Can anyone tell me about how deep into the spring we can still find steelhead in the rivers/tribs of northern Ohio?


----------



## zimmerj (Oct 17, 2014)

I think you have at least two more weeks.


----------



## Osmerus (Dec 5, 2012)

Depends on how fast the rivers warm up but usually by the end of April it starts to wind down. Fish can be found in the rivers in May but not in numbers like earlier in the year, by early June its done. Cooler spring temps will keep them in the rivers a little longer. You got a few weeks left. As of now most of the fish are spawning in the shallows so the end is right around the corner.

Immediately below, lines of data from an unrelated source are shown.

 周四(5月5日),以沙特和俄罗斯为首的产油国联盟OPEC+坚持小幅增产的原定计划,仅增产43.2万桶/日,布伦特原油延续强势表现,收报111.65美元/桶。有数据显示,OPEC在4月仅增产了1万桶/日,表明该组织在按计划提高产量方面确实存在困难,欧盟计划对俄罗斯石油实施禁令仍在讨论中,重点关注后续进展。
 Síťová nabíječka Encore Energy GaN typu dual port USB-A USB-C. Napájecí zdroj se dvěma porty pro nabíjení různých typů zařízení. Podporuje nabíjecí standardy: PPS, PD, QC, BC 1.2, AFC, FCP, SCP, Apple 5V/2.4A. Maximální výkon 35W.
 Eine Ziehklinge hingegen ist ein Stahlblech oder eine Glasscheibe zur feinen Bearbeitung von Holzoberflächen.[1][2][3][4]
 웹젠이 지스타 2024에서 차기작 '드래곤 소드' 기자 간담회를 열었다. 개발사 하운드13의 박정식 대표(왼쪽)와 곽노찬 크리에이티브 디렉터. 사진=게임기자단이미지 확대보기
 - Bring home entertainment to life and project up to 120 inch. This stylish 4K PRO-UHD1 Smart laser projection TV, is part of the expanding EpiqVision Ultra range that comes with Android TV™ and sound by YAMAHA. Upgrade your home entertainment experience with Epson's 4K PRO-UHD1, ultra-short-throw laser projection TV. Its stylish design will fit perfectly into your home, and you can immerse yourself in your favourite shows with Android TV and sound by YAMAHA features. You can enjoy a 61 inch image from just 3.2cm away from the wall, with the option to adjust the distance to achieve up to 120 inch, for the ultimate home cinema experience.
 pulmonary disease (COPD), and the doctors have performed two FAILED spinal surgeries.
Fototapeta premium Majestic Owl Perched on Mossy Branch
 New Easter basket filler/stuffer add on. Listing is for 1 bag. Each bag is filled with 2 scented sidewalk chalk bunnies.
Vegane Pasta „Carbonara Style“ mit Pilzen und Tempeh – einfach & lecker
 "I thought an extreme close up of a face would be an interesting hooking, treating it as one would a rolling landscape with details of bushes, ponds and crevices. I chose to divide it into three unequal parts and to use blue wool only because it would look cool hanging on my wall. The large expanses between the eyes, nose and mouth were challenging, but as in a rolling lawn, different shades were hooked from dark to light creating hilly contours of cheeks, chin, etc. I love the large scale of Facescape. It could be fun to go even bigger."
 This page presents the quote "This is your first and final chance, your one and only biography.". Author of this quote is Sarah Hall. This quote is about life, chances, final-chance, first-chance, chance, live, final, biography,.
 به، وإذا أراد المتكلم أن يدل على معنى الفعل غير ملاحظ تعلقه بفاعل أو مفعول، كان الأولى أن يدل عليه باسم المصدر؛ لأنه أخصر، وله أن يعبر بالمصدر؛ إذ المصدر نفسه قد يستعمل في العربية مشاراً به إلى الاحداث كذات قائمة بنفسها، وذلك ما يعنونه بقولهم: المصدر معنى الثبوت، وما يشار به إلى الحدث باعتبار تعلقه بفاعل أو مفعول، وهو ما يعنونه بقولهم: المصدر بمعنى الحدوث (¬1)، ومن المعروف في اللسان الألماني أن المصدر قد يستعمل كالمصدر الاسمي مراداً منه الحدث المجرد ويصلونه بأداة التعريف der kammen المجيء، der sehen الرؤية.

Once our rivers warm up and steelie fishin slows i head north to N Mi. and sometimes Canada where you can chase steelie all the way through the end of june.


----------



## rickerd (Jul 16, 2008)

When river temps go over 62 deg. F you are on the last run.


----------



## KTkiff (Jul 30, 2004)

I am done myself. They will be on gravel or fast water until about the first week of May but each week it will slow.


----------



## hailtothethief (Jan 18, 2017)

THat snow tonight should keep em in the river a little longer!


----------



## ramjet (Dec 12, 2014)

Kind of a follow-on question... The Erie trib steel fishing is fun... I'd enjoy fishing for smallmouth when they are in and have never caught one on the pin either. What's a good time/place for that? PMs are welcome if you don't want to post here. Thanks


----------



## steelhead sniper 860 (Nov 6, 2013)

Depends on water temperature generally mid to late May, if you catch fish in 60 degree+ water there is an increased chance of delayed mortality when releasing


----------



## creekcrawler (Oct 5, 2004)

Ramjet - Just keep fishing the same way you've been doing. When the steelies back off, the smallies should take their place.


----------



## cast-off (Apr 14, 2005)

Yesterday i caught a nice fat hen full of eggs. Last year i got my last one April 28. End of april into May is one of my favorite times to fish the rivers, mixed bag of steel and lake run smallmouth. I use the same baits for both, last year i got a 20 in smallmouth on yellow bead.


----------



## RStock521 (Jul 17, 2008)

Went 6 for 8 at the Rocky River in a couple hours after work last night on 1/32 white marabou jigs tipped with a gulp minnow. The fish in the run I were at were all pretty beat up, and didn't have as much fight in them as I expected. The water was also warming up pretty good, I'd say maybe only another week or two before they head back to the lake and/or start really struggling with the warm temps. It's been a great season for me though!


----------



## rickerd (Jul 16, 2008)

Last few days I've fished an hour here and a couple there. The dropback females outnumber the fresh ones 3 or 4 to one. I've fished the middle and lower Rocky. Also a number of males in dropback spots now putting on the feedbag. Its been fun with streamers.
Rickerd


----------



## hailtothethief (Jan 18, 2017)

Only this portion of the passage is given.